Next-level certifications (after you land your first role):
- CompTIA Network+ — deepens your networking knowledge. Valuable if you want to move into network administration or Tier 2 support roles.
- CompTIA Security+ — the entry point for cybersecurity careers. Required for many government IT positions (DoD 8570 compliance). If security interests you, this is the certification that opens doors.
- Microsoft 365 Certified: Fundamentals (MS-900) — demonstrates competence with the Microsoft ecosystem that most enterprises run. Low-cost, high-signal certification for help desk roles in Microsoft-heavy environments.

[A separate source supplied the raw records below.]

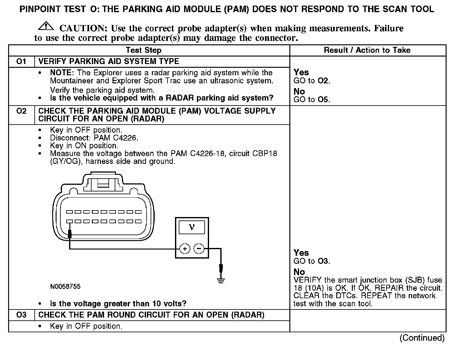 PINPOINT TEST O: THE PARKING AID MODULE DOES NOT RESPOND TO THE SCAN TOOLNormal Operation
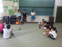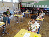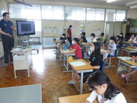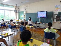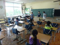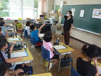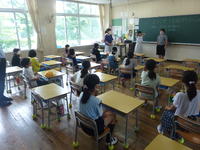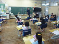 最初の学習では戸惑う子供たちが多いので、運動会の全校ダンスの指導等、様々な場面で子供たちの指導にご協力をいただいている、元民生児童委員の木村みち子先生に授業に入っていただきました。
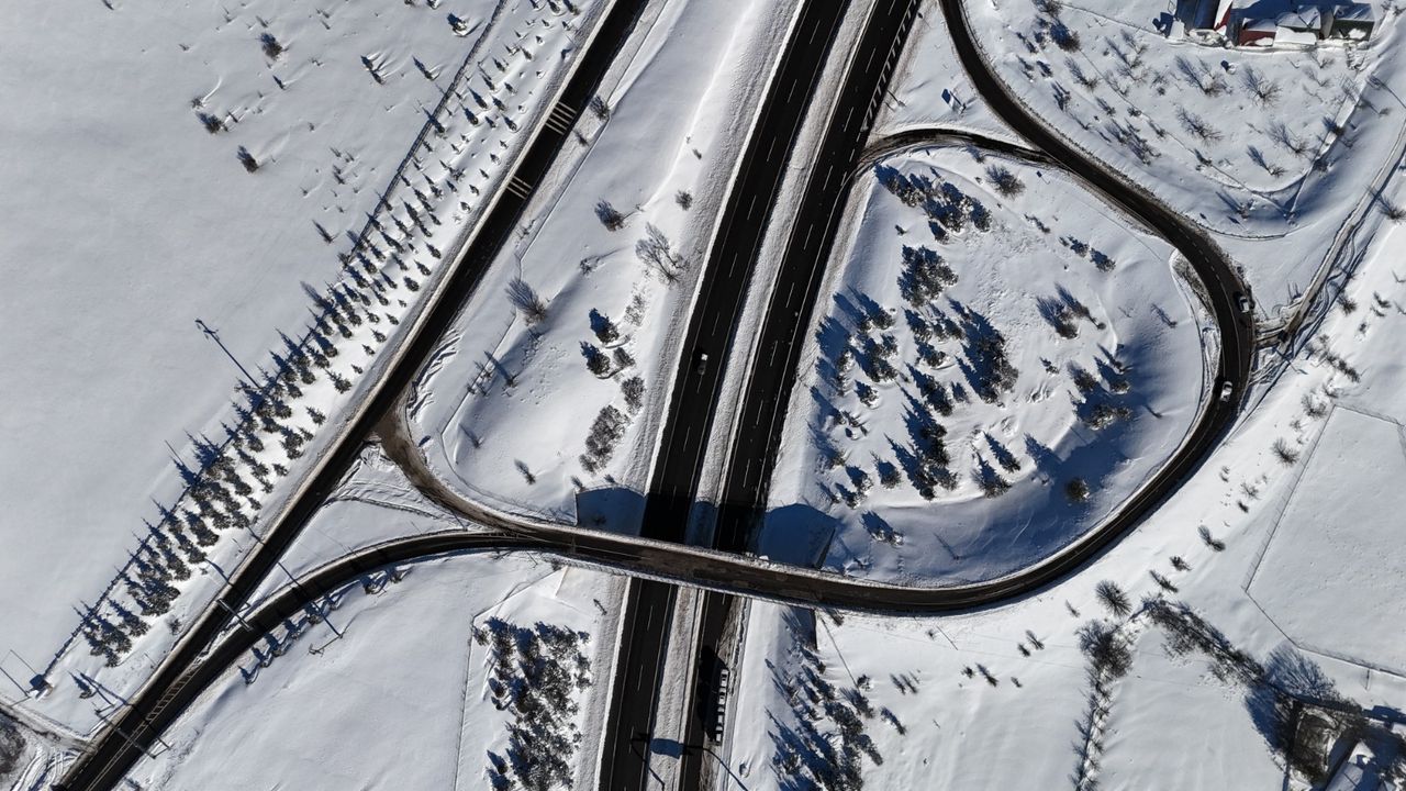 Yoğun kar yağışı ve ağır taşıtların makaslaması nedeniyle trafiğe kapanan D-100 Devlet Yolu'nun Gerede-Karabük il sınırı arasındaki kesimi, ekiplerin çalışması sonucu sabaha doğru açıldı. Yolda ulaşım normale dönerken, karla kapalı bölge dronla görüntülendi. (DHA)
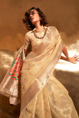 The saree is crafted from tissue fabric, known for its lightweight, airy texture and subtle luster. The base color is beige.
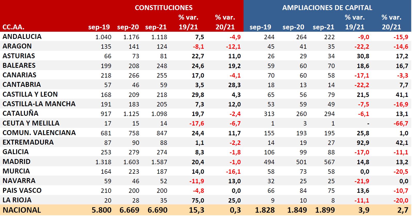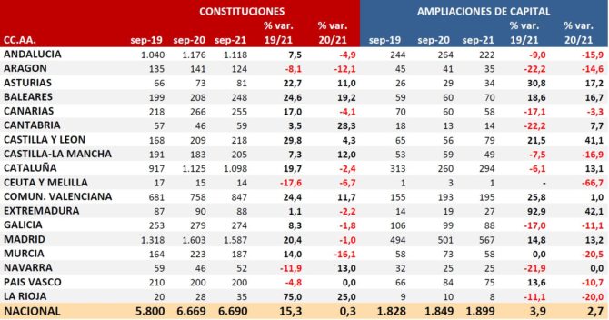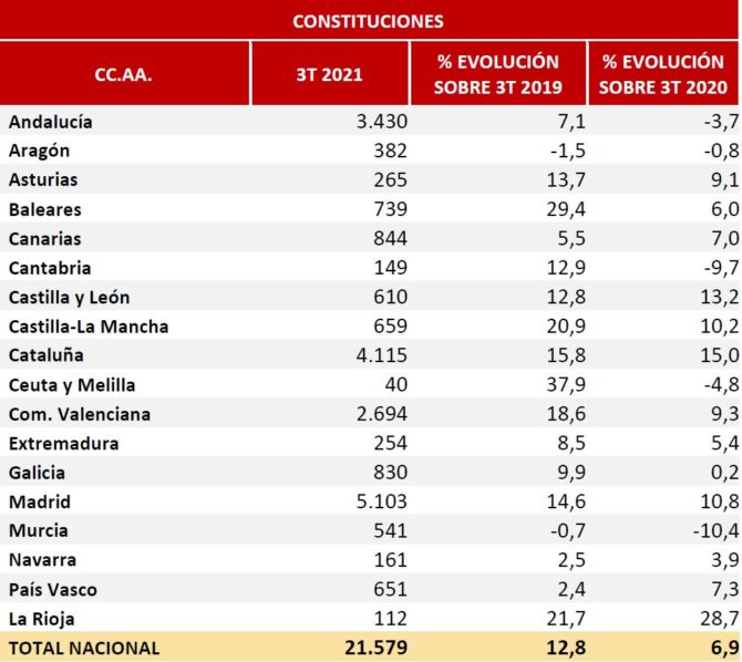 Los mayores descensos se producen en Murcia (-16,1 %) y Aragón (-12,1 %). Los mismos datos comparados con septiembre de 2019, período correspondiente anterior a la pandemia, muestran un aumento de constituciones en catorce comuniaddes, obteniendo un 15,3 % de aumento a nivel nacional.
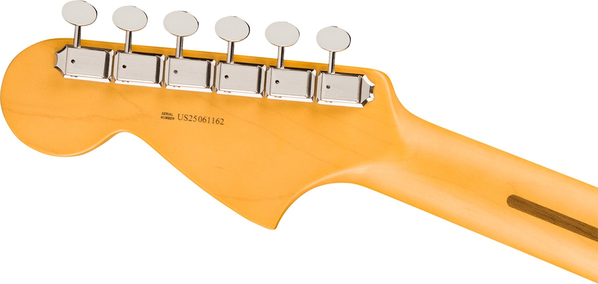 ヴィンテージの魅力とモダンな性能を融合したジャガー。パンチと煌めきのある深い音色を生む’65 JaguarRピックアップ、快適な演奏性のModern “C”ネック、安定したチューニングのClassicGear?チューナーを搭載。美しいヴィンテージ仕上げも特徴で、フェンダー黄金期の魂を受け継ぎ現代のプレイヤー向けに進化したモデルです。

- AWS Cloud Practitioner — a stepping stone toward cloud engineering roles. Not required for help desk work, but demonstrates forward-thinking ambition that hiring managers notice.
Building your experience
The classic catch-22: every job wants experience, but you can’t get experience without a job. Here’s how to break the cycle.
Build a home lab. This is the single most effective way to gain hands-on experience outside of a job. A home lab doesn’t need to be expensive — an old desktop or laptop, or even a virtual machine setup on your current computer, is enough to start.
- Install Windows Server in a VM and set up Active Directory with organizational units, user accounts, group policies, and a DHCP server. This gives you the exact skills that Tier 1 support roles require.
- Set up a pfSense or OPNsense firewall VM to learn networking, DNS, DHCP, and VPN configuration.
- Practice imaging machines using tools like Clonezilla or Microsoft Deployment Toolkit.
- Break things intentionally and practice troubleshooting them. Misconfigure a DNS server and figure out why nothing resolves. Disable a network adapter and walk through the diagnostic steps you’d follow on a support call.
- Document everything you build in a personal wiki or blog. This doubles as a portfolio when you’re applying for jobs.
Volunteer your skills. Nonprofits, churches, schools, and community organizations constantly need IT help and rarely have the budget for it. Offer to set up their network, maintain their computers, or run a basic cybersecurity audit. This gives you real-world experience, references, and resume bullet points.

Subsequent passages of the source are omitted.